Find the point on the curve y = sqrt(x) that is closest to the point (3, 0)

Solution:

Given, the curve is y = √x --- (1)

If D is the distance from (x, y) to the point (3, 0), by Pythagorean distance formula

D² = (x - 3)² + y²

= (x - 3)² + (√x)²

= x² - 6x + 9 + x

D² = x² - 5x + 9

On differentiating,

2D.D’ = 2x - 5

D’ = \(\frac{2x-5}{2D}\)

\(D'=\frac{2x-5}{2\sqrt{x^{2}-5x+9}}\)

\(D'=(2x-5).\frac{1}{2(x^{2}-5x+9)^{\frac{1}{2}}}\)

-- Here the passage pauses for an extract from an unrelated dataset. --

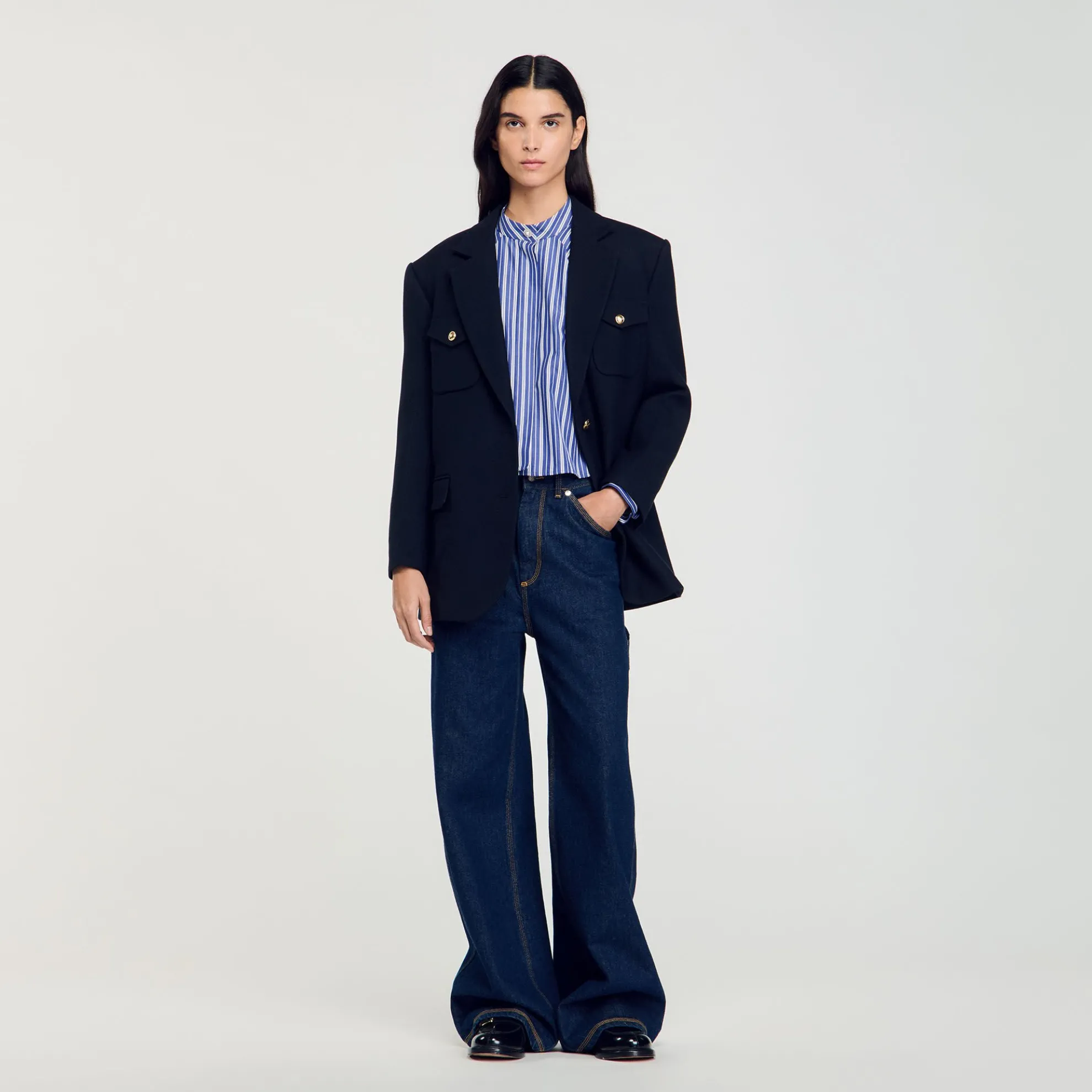 - Kort gestreept overhemd Sandro Dames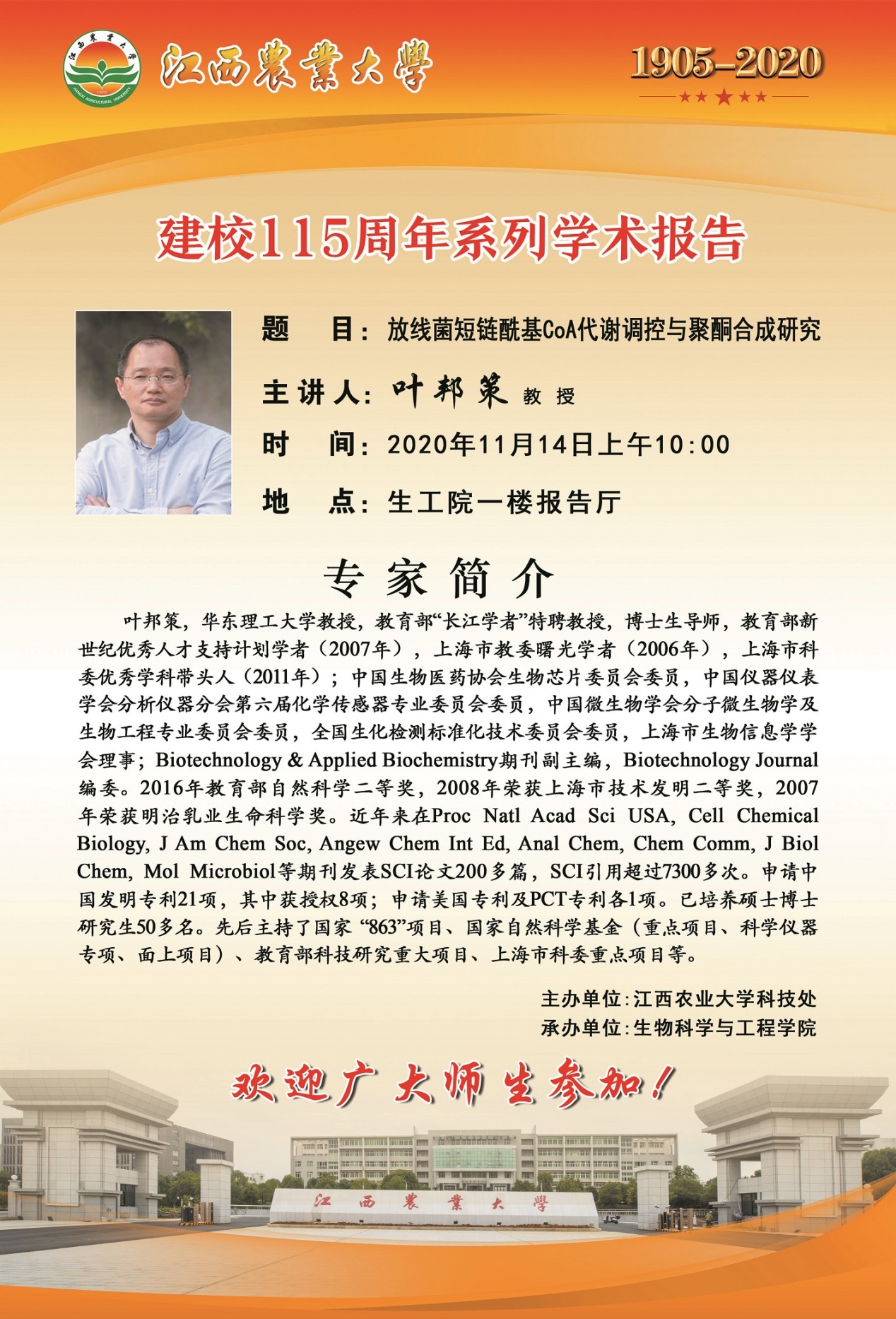 【建校115周年系列学术报告】预告:放线菌短链酰基CoA代谢调控与聚酮合成研究

Now, \((2x-5).\frac{1}{2(x^{2}-5x+9)^{\frac{1}{2}}}=0\)

⇒ 2x - 5 = 0

⇒ 2x = 5

⇒ x = 5/2

This is known as the critical value and it represents the x-value for which the function is minimised.

Put x = 5/2 in (1)

y = √5/2

y = 1.58

Therefore, the point on the curve y = √x closest to the point (3, 0) is (5/2, 1.58).

Find the point on the curve y = sqrt(x) that is closest to the point (3, 0)

Summary:

The point on the curve y = √x that is closest to the point (3, 0) is (5/2, 1.58).